Bayesian Fixed-Budget Best-Arm Identification
This work addresses the problem of efficiently identifying optimal arms under budget constraints for Bayesian bandit algorithms, offering theoretical guarantees that are incremental over prior methods.
The paper tackles the fixed-budget best-arm identification problem in Bayesian bandits by proposing a Bayesian elimination algorithm and deriving an upper bound on its misidentification probability, which is the first distribution-dependent bound in this setting and nearly matches a lower bound for 2-armed cases.

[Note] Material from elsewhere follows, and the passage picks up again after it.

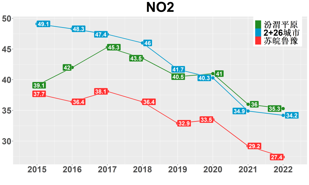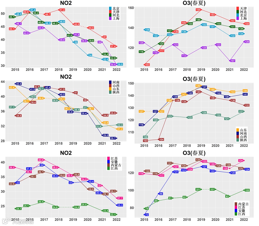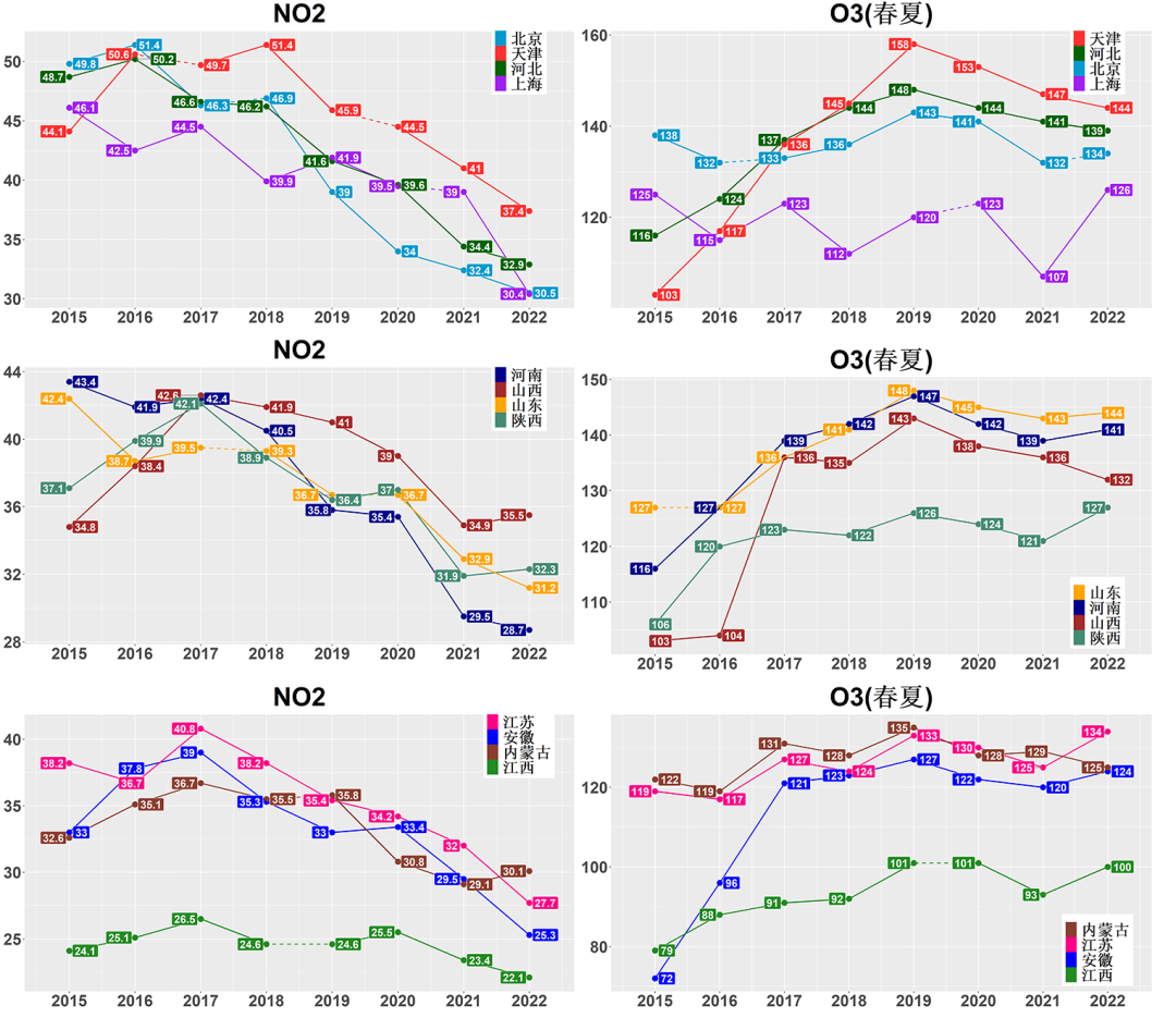 图3:九省三市去除气象因素影响后二氧化氮和八小时臭氧(春夏)年平均浓度时间序列(微克/立方米)

Fixed-budget best-arm identification (BAI) is a bandit problem where the agent maximizes the probability of identifying the optimal arm within a fixed budget of observations. In this work, we study this problem in the Bayesian setting. We propose a Bayesian elimination algorithm and derive an upper bound on its probability of misidentifying the optimal arm. The bound reflects the quality of the prior and is the first distribution-dependent bound in this setting. We prove it using a frequentist-like argument, where we carry the prior through, and then integrate out the bandit instance at the end. We also provide a lower bound on the probability of misidentification in a $2$-armed Bayesian bandit and show that our upper bound (almost) matches it for any budget. Our experiments show that Bayesian elimination is superior to frequentist methods and competitive with the state-of-the-art Bayesian algorithms that have no guarantees in our setting.